The short answer is because of climate change policy and how it impacts on business case costings. The uncertainty around the carbon emission policies of future governments mean business cannot make the numbers add up for investing in long-term coal or gas-fired power (even lower emission) stations. Financial models set out all the costs and future income streams across the life of long-lived assets. The developer aims to balance the amount of debt and equity needed to finance the project, however project financiers (often banks) only want to lend on shorter terms (say three years) because of the risk that future carbon policies will impose more costs and hence reduce the revenues generated by the power station.

This is a key risk for the financiers – as higher future costs mean less cash to pay back the debt; and so no new coal/gas-fired power stations are being built. That leaves an energy market with a lot more higher-cost generation currently delivering electricity to consumers.

But something Finkel didn’t discuss was the national cost of these policies. The Parliamentary Budget Office suggested the 2015 climate change election commitments of Labor would cost $313 million and the Greens $6.4 billion, while the Coalition’s Emission Reduction Fund costs approximately $560 million a year. The national financial costs of climate change policies should be a much more important topic in discussing how we resolve the politics of climate change and energy.

The Finkel Review also recommends three supporting elements to resolve the problems in energy policy:

    • an orderly transition to lower emissions;
    • stronger governance; and
    • better system planning.

The concept of "carbon budgets" has the potential to support the longer-term focus of these recommendations while at the same time ensuring political accountability and transparency of energy and climate change policies.

Carbon budgets

The current energy/climate change policy that has proved to be inadequate is underpinned by the renewable energy target (the RET) which was agreed to in 2015.  It’s now 2017. Two years is even shorter than the average electoral cycle so clearly, we need a longer-term political perspective in Australian politics. This requires some kind of forward planning that continues over electoral cycles.

The government is currently reviewing its climate change policies to take stock of Australia’s progress in reducing emissions, and to ensure they remain effective in achieving Australia’s 2030 Paris Agreement commitments. The Finkel Review suggests that we need to look beyond this target and that investors need to see a smooth line post-2030. He recommends that the government needs to agree to an emissions reduction trajectory out to 2050, to give the electricity sector clarity about how we will meet our international commitments. The year 2050 is 33 years away; therefore, not only do we need to agree what percentage of our emissions will be reduced by that time but we also need a credible pathway that tracks our progress towards this. We need an effective monitoring mechanism that gives us feedback on how well our policies are working, and when and if changes are needed.
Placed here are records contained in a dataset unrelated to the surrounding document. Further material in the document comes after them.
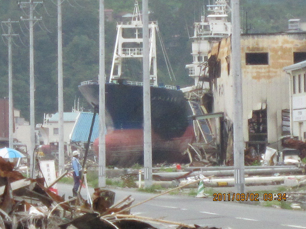 気仙沼の打ち上げられた漁船の解体が始まるのをニュースで知り、自分の目で直に見たかったのです。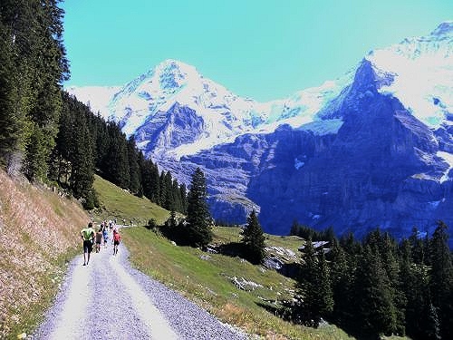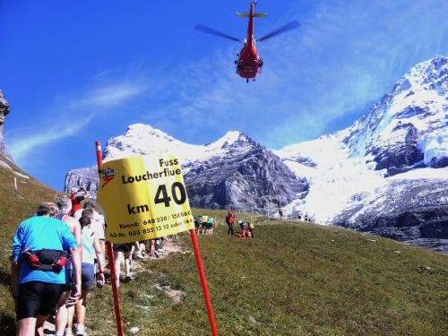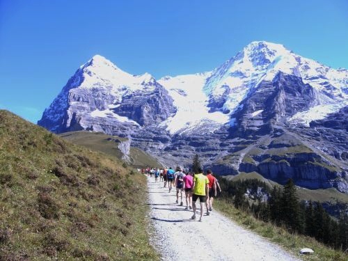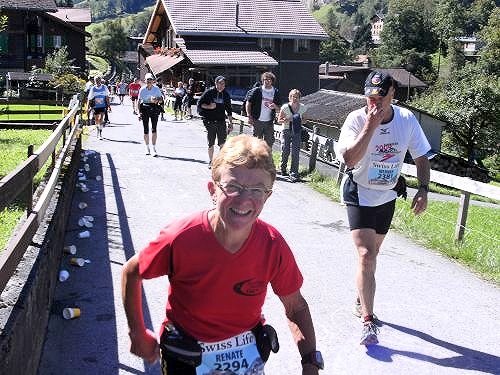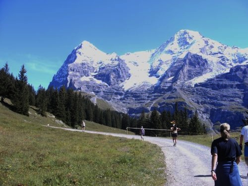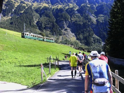 Es wird zumeist gegangen. Nur noch kurze Abschnitte sind zu laufen. Der Übergang vom Gehen zum Laufen fällt auch mir zunehmend schwerer. Umgekehrt ist es leichter. Aber das Ziel kommt näher. Dazu entschädigt uns der einmalige Blick auf das weltberühmte Dreigestirn Jungfrau, Mönch und Eiger für alle Strapazen. Das Panorama ist unverändert atemberaubend. Es ist ein Genuss heute hier laufen zu dürfen.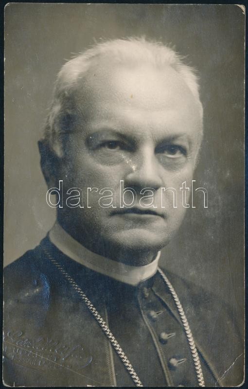 cca 1910-1920 Prohászka Ottokár (1858-1927) püspök, író, politikus, fotólap Goszleth és Fia budapesti műterméből, hidegpecséttel jelzett, sarkán törésnyom, 14×9 cm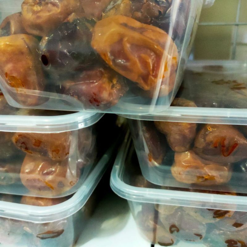 Kurma Sukari 500gram atau yang dikenal juga dengan sebutan kurma raja karena merupakan salah satu kurma yang paling disukai di kawasan Saudi Arabia dan Timur Tengah. Kurma sukari berukuran besar dan berwarna cokat terang dan ujungnya kuning ranum dengan daging buahnya sangat lembut sehingga lumer di mulut saat dimakan.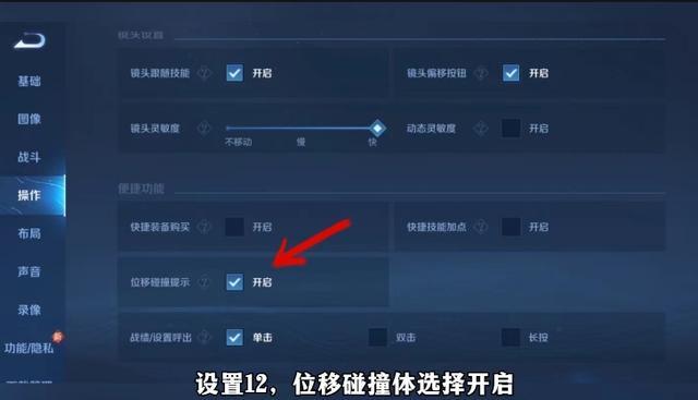 設(shè)置12.位移碰撞提選擇開啟,這樣當(dāng)英雄用技能位移的時候,可以看到墻體外有明顯的落點提示,有助于我們穿墻,適合所有英雄設(shè)置開啟!
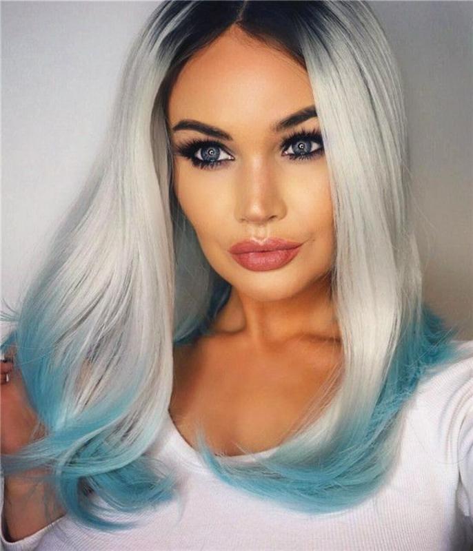 Удивительно выглядят на бледной коже лица голубые глаза. К тому же это универсальный образ, к которому подойдут как довольно светлые, так и темные контрастные тона. Наиболее рекомендуемыми оттенками для окрашивания волос считаются пепельный, светло-русый, блондин, цвет черный шоколад, черные тона.

Borrowing a common monitoring technique from accounting leads us to the idea of carbon budgets. Carbon budgets break-up a long-term number into short-term (say five-yearly) increments of emission reductions. The UK has been using carbon budgets to monitor their progress towards a 2050 emission reduction target and this has allowed them to take early action when emissions are not reducing through changes to current programs and strategies. Australia must resolve the politics of energy and climate change. Accounting offers techniques for reducing political complexity to numbers which can provide accountability and transparency across political cycles. Energy policy involves significant government, business and consumer financial costs that cannot be ignored, and climate change will not be addressed without a long-term emission reduction plan that can be made manageable in the short-term.


Annette Quayle

Dr Annette Quayle

Lecturer in the School of Accountancy at QUT. Annette researches and teaches across a range of management control topics emanating from the intersection of accounting, politics and society.